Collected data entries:
* * * * *

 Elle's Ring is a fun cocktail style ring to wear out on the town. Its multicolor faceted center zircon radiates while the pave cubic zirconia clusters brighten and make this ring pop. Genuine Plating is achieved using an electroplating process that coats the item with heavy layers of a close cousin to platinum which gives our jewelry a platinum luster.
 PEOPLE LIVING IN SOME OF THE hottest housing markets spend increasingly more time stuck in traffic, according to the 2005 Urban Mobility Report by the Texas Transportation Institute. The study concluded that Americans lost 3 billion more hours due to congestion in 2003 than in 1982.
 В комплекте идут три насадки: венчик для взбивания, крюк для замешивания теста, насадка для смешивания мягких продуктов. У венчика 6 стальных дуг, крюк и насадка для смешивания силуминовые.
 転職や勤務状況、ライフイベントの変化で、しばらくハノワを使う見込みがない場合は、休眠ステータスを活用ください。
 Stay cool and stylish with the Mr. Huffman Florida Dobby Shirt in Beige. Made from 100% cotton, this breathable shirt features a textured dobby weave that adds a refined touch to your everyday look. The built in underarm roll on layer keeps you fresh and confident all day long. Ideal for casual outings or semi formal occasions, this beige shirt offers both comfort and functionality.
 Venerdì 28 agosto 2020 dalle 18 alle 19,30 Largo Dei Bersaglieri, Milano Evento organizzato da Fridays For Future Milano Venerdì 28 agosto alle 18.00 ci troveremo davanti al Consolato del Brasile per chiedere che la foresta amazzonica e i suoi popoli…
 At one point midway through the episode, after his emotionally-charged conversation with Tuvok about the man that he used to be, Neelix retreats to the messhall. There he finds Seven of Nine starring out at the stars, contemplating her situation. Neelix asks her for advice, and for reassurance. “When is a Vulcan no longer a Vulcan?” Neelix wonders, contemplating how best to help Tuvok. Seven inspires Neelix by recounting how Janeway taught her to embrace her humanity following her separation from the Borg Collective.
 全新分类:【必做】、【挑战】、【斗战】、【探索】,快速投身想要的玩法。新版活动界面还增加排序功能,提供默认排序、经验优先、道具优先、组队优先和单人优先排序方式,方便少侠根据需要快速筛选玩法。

* * * * *

How to complete this task » Above are some records. Count the lines among them with the word "from", and answer with the number only.

Reply » 2